We compare our approach with a **manual annotated (MA)** method, where the sensitivity of nets is annotated by analog designers and the wire width is sized up accordingly. As shown in Figure 13, the sensitivity of nets is annotated for two circuits, TS-OTA1 and TS-OTA2. Some nets (marked in black) are not sensitive. Some nets (marked in blue) are sensitive to R only, and the wires can be made as wide as possible. Some other nets are sensitive to both R and C (marked in red). For these nets, the wires shouldn't be too narrow (R limiting) or too wide (C limiting).

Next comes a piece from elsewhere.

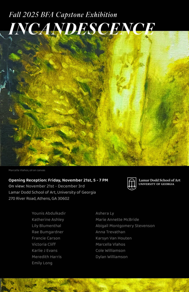 The Lamar Dodd School of Art proudly presents INCANDESCENCE: BFA Fall 2025 Capstone Exhibition. The opening reception will be held Friday, November 21, from 5 to 7 pm in the Dodd Galleries of the school’s Main Art Building on East Campus. The exhibition will be on view through December 4th.

In our experiment, we set 1X width for non-sensitive nets, 3X width for R-sensitive nets, and 2X width for RC-sensitive nets. Their post-layout results are shown in Table 11. We can see that our approach, BO-WAGN, is able to find better solutions than the MA method. This is not surprising, as the critical/load-sensitive nets are usually identified based on the circuit topology. However, the RC tradeoffs and their impacts on circuit performance are actually design dependent (transistor and capacitor size dependent). Such tradeoffs and impacts are hard for the designer to capture manually.

## 7 CONCLUSION AND FUTURE RESEARCH

Wire width can significantly affect analog IC performance, while performance-driven analog wire sizing has been rarely studied. In this work, a customized graph neural network model, WAGN, is developed for quickly estimating the performance of wire sizing solutions. Experimental results show that WAGN not only is superior to SVM and random forest but also outperforms a state-of-the-art previous work. Two wire sizing optimization techniques are investigated: one is BO guided by WAGN, and the other is based on TensorFlow training, which is also guided by WAGN. The former is slightly faster, and the latter requires significantly less implementation effort. Experimental results show that our best technique achieves either an average of 11% overall circuit performance improvement or 8.7 $\times$  speedup compared to conventional Bayesian optimization.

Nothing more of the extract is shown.